Младший лейтенант Комонов, помощник командира катера, склонившись над картой, мучительно раздумывал, отыскивая ошибку в прокладке курса. Он только что несколько раз определил место катера по береговым знакам, смутно видневшимся на берегу. Но все определения были неверны и далеко отходили от курса, проложенного командиром. Комонов посматривал на Букреева и никак не мог решить: что же ой должен сейчас сделать? Доложить ли командиру о непонятной ошибке, вкравшейся в его расчеты, или еще разок попытаться определить место катера самому?

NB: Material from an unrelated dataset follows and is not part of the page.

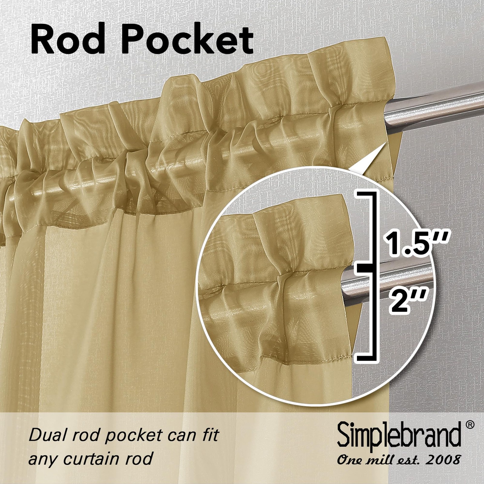 как выглядит Simplebrand Gold Sheer Curtains 84 Inches Long 42"W x 84"L Pack of 2 , фото
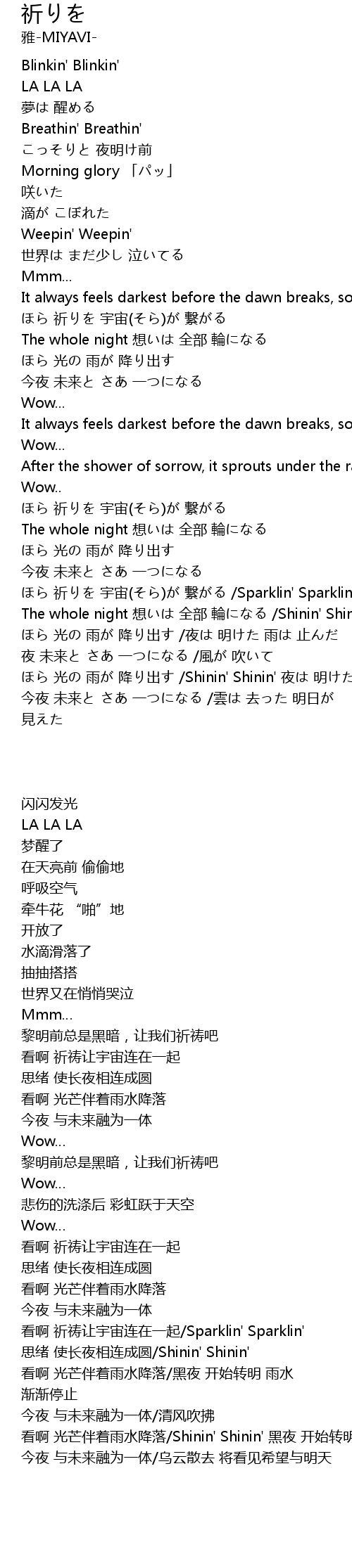 | [05:14.78] | ほら 光の 雨が 降り出す /Shinin' Shinin' 夜は 明けた |

- Ну что, старпом, как место? - спросил Букреев. Он сказал это так, словно для этих слов набрал воздуху еще с вечера и вот наконец выпалил.

Командир смотрел в море, и казалось, что ему нет дела ни до Комонова, ни до его работы. Но Комонов знал, что командир догадывается о том, что его помощник запутался, что он не в состоянии доложить ему о месте нахождения катера. Комонов ждал этого вопроса.

- Вправо уклонились, - ответил Комонов.

Букреев, словно с трудом отрывая взгляд от моря, обернулся и подошел к карте.

- Вы в этом убеждены? - чуть насмешливо спросил Букреев.

Он и не посмотрел как следует на карту, не попытался выяснить, в чем же ошибка, даже не вынул рук из карманов кожаной куртки, чтобы циркулем измерить величину ошибки. Командир молча вернулся к обвесу. Можно было подумать, что Букрееву совсем не хочется заниматься в это чудесное утро.

"Опять в норму входит", - с горечью подумал Комонов, зная, что командир не так уж безразличен к его работе и разноса за плохую прокладку ему не миновать. Раз командир не указал ему ошибку, значит, Комонов должен найти ее сам.

Вечером и ночью, как всегда после боевой удачи, Букреев был в хорошем расположении духа. "Отлично повоевали денек", - сказал он Комонову. Утопить лодку и отбиться от немецкого самолета, конечно, было большой удачей. Но хорошее настроение командира исчезло. Он забыл об удаче, как будто ее и не было… Он опять начал жестко и придирчиво требовать "несения службы". То и дело обнаруживая упущения, он постоянно ворчал и даже прикрикнул на кого-то, выходя из себя. Если бы чужой человек послушал со стороны, как он распекает своих подчиненных, могло бы показаться, что Букреев не только не любит их, а, наоборот, что он считает себя самым несчастным из всех офицеров флота, вынужденным служить на корабле с таким непутевым экипажем, с таким уж скверным, что становится непонятным, как он до сих пор плавает с ними.